Nathan Thomas Velar (September 12, 1858 – August 21, 1928), also known as N. T. Velar, was an American postmaster, civic leader, businessman, and elected official. By the late 19th-century, he was the first and only Black postmaster in the State of Pennsylvania. Velar served on the executive committee of Booker T. Washington's National Negro Business League.

== Early life ==
Nathan Thomas Velar was born on September 12, 1858, in Fredericktown, Missouri. As a child his family moved to Sparta, Illinois, later followed by a move to Rankin, Pennsylvania.

He married Mary Louisa Amoureux in 1882, and together they had 11 children.

== Career ==
From 1887 to 1893, Velar worked as a wire drawer at Braddock Wire & Steel Company (later Consolidated Wire & Steel Company) in Braddock, Pennsylvania.
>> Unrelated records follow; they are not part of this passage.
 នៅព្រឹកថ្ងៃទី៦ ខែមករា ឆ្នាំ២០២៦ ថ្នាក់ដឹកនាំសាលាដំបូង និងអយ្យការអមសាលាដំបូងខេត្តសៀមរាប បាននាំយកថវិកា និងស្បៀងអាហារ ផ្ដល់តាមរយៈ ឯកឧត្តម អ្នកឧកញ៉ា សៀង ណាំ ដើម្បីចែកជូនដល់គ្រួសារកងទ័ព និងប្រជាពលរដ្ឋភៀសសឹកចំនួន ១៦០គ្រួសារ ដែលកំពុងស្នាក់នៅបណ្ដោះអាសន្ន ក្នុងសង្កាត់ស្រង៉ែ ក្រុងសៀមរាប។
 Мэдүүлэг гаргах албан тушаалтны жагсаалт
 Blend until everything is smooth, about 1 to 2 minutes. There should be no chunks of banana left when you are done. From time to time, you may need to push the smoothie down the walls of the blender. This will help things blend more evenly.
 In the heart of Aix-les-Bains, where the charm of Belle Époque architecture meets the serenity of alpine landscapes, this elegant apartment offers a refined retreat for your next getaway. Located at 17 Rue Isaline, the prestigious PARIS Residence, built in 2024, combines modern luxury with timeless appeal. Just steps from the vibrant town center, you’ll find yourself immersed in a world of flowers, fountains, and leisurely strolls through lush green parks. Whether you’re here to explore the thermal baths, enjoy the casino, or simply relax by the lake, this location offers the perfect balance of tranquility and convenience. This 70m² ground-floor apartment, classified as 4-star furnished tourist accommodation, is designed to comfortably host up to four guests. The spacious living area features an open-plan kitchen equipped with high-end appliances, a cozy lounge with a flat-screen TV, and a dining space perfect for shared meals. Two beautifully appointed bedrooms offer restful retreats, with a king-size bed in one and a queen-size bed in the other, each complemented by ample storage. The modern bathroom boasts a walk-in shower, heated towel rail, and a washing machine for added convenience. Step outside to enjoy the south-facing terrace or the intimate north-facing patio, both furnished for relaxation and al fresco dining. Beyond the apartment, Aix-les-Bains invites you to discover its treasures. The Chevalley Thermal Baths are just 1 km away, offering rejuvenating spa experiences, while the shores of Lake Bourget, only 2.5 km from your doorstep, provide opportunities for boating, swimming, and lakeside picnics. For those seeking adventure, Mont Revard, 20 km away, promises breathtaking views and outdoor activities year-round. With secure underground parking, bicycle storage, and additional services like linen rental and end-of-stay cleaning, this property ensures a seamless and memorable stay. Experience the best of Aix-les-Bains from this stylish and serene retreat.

This was followed by work at Carnegie Steel Company in Pittsburgh, Pennsylvania.

In 1893, Velar moved to Brinton in East Pittsburgh, Pennsylvania, where he served as the postmaster for ten years from April 29, 1897 until August 1907. He was the first and only Black postmaster in the state of Pennsylvania by the late 19th-century.
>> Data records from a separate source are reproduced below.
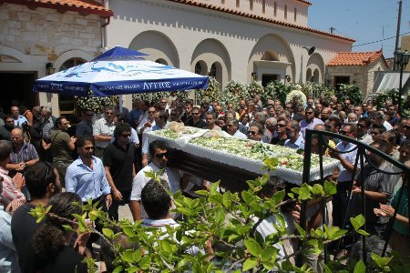 Συγγενείς, φίλοι, φίλαθλοι, φορείς, αρχές αλλά και απλοί πολίτες είπαν το τελευταίο αντίο στον Απόστολο Παπουτσάκη που έφυγε χθες από τη ζωή σε ηλικία 60 ετών. Η νεκρώσιμος ακολουθία πραγματοποιήθηκε στον Ι.Ν. Αγίου Δημητρίου Άνω Χερσονήσου. Στο τελευταίο αντίο, στον Κρητικό παράγοντα το παρόν έδωσε πλήθος κόσμου, καθώς ο εκλιπόντας ήταν ιδιαίτερα αγαπητός στην τοπική κοινωνία και κάθε του δραστηριότητα, είτε στις επιχειρήσεις του είτε στον αθλητισμό συνοδευόταν από ήθος. Ο Απόστολος Παπουτσάκης άφησε την τελευταία του πνοή νωρίς χθες το πρωί στο ΠΑΓΝΗ. Ο Κρητικός παράγοντας νοσηλευόταν με ισχαιμικό επεισόδιο στο νοσοκομείο ωστόσο, το βράδυ του Σαββάτου υπέστη ανακοπή και μεταφέρθηκε εσπευσμένα στην Μονάδα Εντατικής Θεραπείας.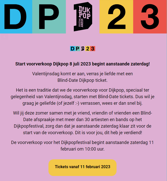 Filed under: Dijkpop | Tagged: Voorverkoop kaarten Dijkpop 2023 start 11 februari |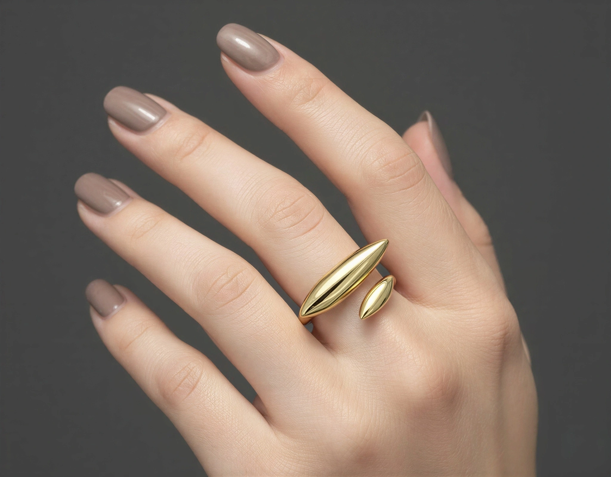 Çift Oval Gold Altın Kaplama Ayarlanabilir Yüzük

He also owned and operated a general store on Bessemer Avenue in East Pittsburgh. In 1889, he was elected as a school director, and a year later he was elected as a member of the Borough Council of Rankin.
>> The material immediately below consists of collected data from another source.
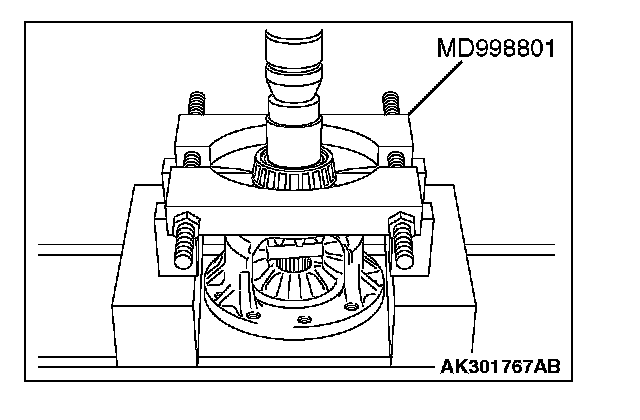 1. Support the taper roller bearing with special tool MD998801, and then set them on the press.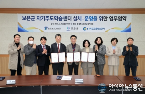 보은군, 충북교육청·EBS와 보은군 자기주도학습센터 설치·운영 업무협약 체결./사진제공=보은군청 [아시아뉴스통신=장하영 기자] 충북 보은군은 지난 16일 보은교육지원청에서 충청북도교육청(교육감 윤건영), 한국교육방송공사(EBS)와 보은군 자기주도학습센터 설치·운영을 위한 업무협약을 체.. 2026-03-17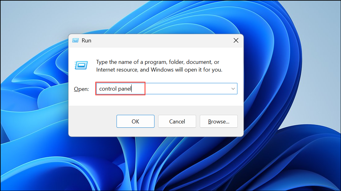 Passaggio 1:Apri la finestra di dialogo Esegui conWindows + R, tipocontrol panele premereEnter.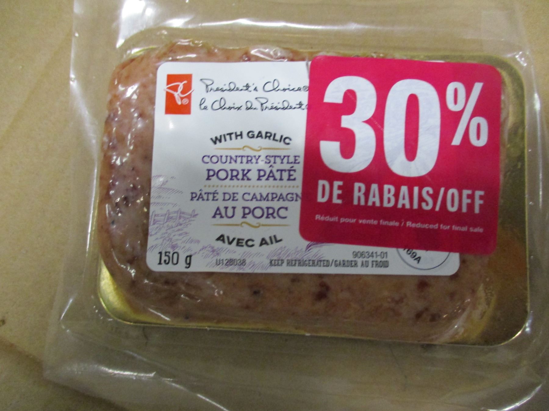 SHELF PULLS (AS IS): PORK PATE C/W GARLIC (150G)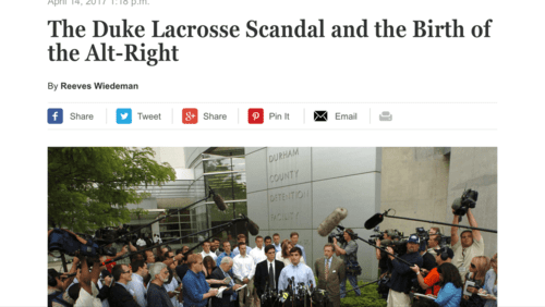 The Duke Lacrosse Scandal and the Birth of the Alt-RightIt’s mostly devoted to trying to tie Stephen Miller to Richard Spencer, who were both at Duke U. during that hoax that so exemplified what Tom Wolfe had called two decades before in The Bonfire of the Vanities the “mania for the Great White Defendant.”April 14, 2017 1:18 p.m.

Velar was a member of the Afro-American Republican Club of Allegheny, and served as the organization's president in 1904. Velar served on the executive committee of the National Negro Business League founded by Booker T. Washington, and held a lifetime membership.

Velar died on August 21, 1928, in Pittsburgh, and was buried at All Saints Braddock Catholic Cemetery.